→ **The task**
Write out the lines below once more, exactly as they appear. Do not include pictures.

→ **Record excerpts**

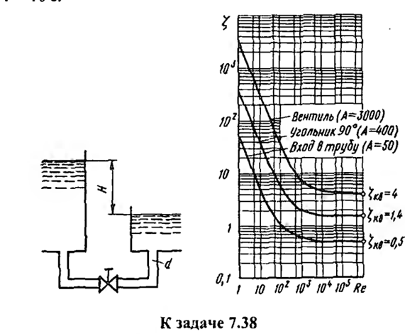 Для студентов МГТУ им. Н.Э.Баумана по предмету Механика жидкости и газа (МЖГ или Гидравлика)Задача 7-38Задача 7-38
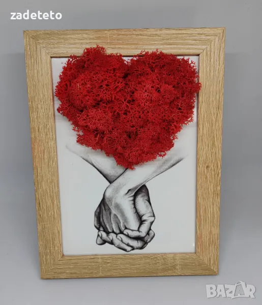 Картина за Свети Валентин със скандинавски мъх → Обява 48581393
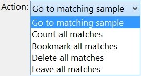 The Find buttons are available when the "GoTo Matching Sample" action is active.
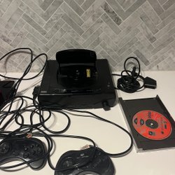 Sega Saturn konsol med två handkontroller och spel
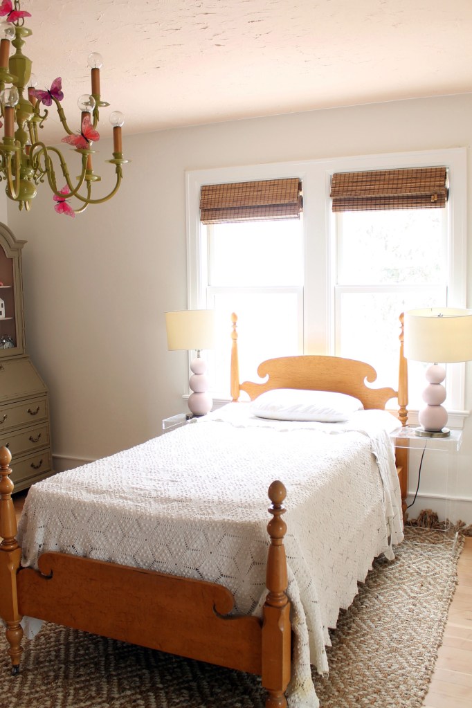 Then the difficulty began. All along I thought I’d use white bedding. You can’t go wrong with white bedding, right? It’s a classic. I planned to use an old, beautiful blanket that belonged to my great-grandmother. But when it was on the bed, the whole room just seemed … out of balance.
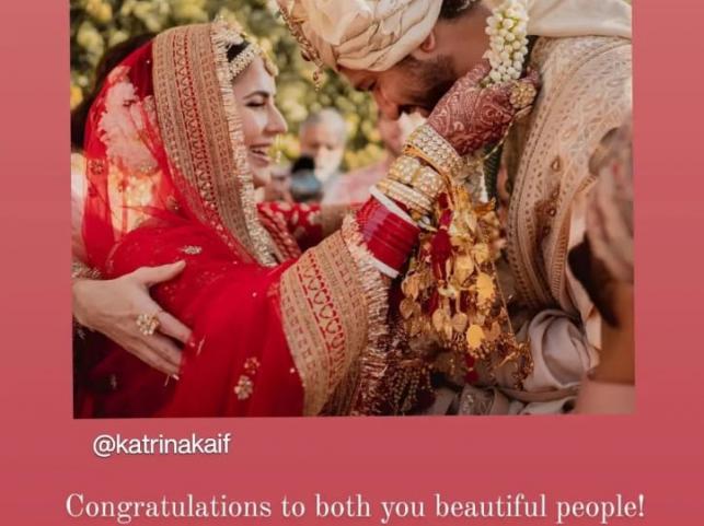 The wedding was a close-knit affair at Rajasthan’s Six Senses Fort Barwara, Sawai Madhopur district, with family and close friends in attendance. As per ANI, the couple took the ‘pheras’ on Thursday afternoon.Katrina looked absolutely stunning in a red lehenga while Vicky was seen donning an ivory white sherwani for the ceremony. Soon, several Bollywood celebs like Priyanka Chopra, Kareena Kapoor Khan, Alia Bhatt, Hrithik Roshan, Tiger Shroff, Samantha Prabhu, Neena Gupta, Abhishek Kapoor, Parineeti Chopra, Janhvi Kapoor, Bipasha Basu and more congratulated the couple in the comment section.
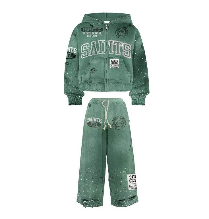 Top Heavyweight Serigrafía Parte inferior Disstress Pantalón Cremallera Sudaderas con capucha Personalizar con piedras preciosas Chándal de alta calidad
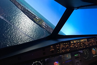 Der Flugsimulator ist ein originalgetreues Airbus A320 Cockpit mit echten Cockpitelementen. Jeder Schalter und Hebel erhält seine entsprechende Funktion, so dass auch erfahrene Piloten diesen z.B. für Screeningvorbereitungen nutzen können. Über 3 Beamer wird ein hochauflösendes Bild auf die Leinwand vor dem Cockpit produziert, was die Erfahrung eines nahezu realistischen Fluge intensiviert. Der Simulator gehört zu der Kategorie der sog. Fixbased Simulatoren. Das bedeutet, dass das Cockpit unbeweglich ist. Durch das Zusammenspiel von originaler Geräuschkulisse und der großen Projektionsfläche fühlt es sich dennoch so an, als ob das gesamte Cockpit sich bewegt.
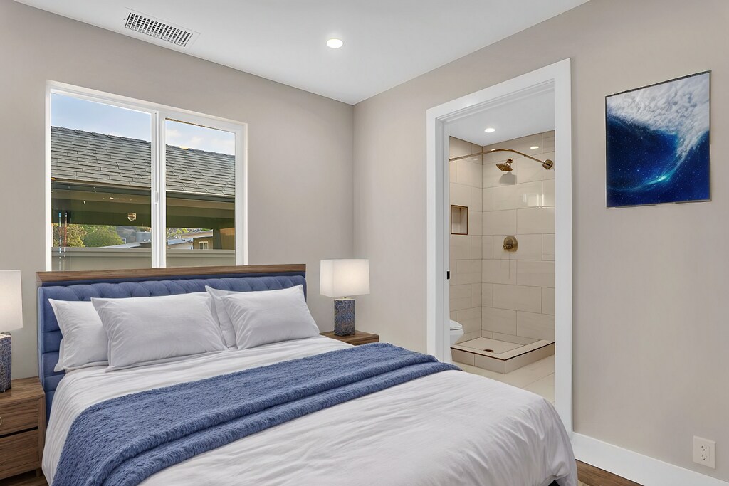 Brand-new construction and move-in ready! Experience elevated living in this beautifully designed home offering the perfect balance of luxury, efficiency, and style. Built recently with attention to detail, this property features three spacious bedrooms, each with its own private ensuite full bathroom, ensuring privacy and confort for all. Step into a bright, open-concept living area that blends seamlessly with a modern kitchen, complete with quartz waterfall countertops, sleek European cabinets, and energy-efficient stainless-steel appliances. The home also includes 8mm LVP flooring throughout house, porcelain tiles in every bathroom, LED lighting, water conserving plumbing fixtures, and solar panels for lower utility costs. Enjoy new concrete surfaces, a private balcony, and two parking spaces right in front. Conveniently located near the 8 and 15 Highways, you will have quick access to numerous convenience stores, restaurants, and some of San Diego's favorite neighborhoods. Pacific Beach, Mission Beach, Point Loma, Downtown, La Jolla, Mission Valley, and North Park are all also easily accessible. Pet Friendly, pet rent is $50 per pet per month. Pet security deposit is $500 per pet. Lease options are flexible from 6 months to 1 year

→ **Result for this task**
 Для студентов МГТУ им. Н.Э.Баумана по предмету Механика жидкости и газа (МЖГ или Гидравлика)Задача 7-38Задача 7-38
 Картина за Свети Валентин със скандинавски мъх → Обява 48581393
 The Find buttons are available when the "GoTo Matching Sample" action is active.
 Sega Saturn konsol med två handkontroller och spel
 Then the difficulty began. All along I thought I’d use white bedding. You can’t go wrong with white bedding, right? It’s a classic. I planned to use an old, beautiful blanket that belonged to my great-grandmother. But when it was on the bed, the whole room just seemed … out of balance.
 The wedding was a close-knit affair at Rajasthan’s Six Senses Fort Barwara, Sawai Madhopur district, with family and close friends in attendance. As per ANI, the couple took the ‘pheras’ on Thursday afternoon.Katrina looked absolutely stunning in a red lehenga while Vicky was seen donning an ivory white sherwani for the ceremony. Soon, several Bollywood celebs like Priyanka Chopra, Kareena Kapoor Khan, Alia Bhatt, Hrithik Roshan, Tiger Shroff, Samantha Prabhu, Neena Gupta, Abhishek Kapoor, Parineeti Chopra, Janhvi Kapoor, Bipasha Basu and more congratulated the couple in the comment section.
 Top Heavyweight Serigrafía Parte inferior Disstress Pantalón Cremallera Sudaderas con capucha Personalizar con piedras preciosas Chándal de alta calidad
 Der Flugsimulator ist ein originalgetreues Airbus A320 Cockpit mit echten Cockpitelementen. Jeder Schalter und Hebel erhält seine entsprechende Funktion, so dass auch erfahrene Piloten diesen z.B. für Screeningvorbereitungen nutzen können. Über 3 Beamer wird ein hochauflösendes Bild auf die Leinwand vor dem Cockpit produziert, was die Erfahrung eines nahezu realistischen Fluge intensiviert. Der Simulator gehört zu der Kategorie der sog. Fixbased Simulatoren. Das bedeutet, dass das Cockpit unbeweglich ist. Durch das Zusammenspiel von originaler Geräuschkulisse und der großen Projektionsfläche fühlt es sich dennoch so an, als ob das gesamte Cockpit sich bewegt.
 Brand-new construction and move-in ready! Experience elevated living in this beautifully designed home offering the perfect balance of luxury, efficiency, and style. Built recently with attention to detail, this property features three spacious bedrooms, each with its own private ensuite full bathroom, ensuring privacy and confort for all. Step into a bright, open-concept living area that blends seamlessly with a modern kitchen, complete with quartz waterfall countertops, sleek European cabinets, and energy-efficient stainless-steel appliances. The home also includes 8mm LVP flooring throughout house, porcelain tiles in every bathroom, LED lighting, water conserving plumbing fixtures, and solar panels for lower utility costs. Enjoy new concrete surfaces, a private balcony, and two parking spaces right in front. Conveniently located near the 8 and 15 Highways, you will have quick access to numerous convenience stores, restaurants, and some of San Diego's favorite neighborhoods. Pacific Beach, Mission Beach, Point Loma, Downtown, La Jolla, Mission Valley, and North Park are all also easily accessible. Pet Friendly, pet rent is $50 per pet per month. Pet security deposit is $500 per pet. Lease options are flexible from 6 months to 1 year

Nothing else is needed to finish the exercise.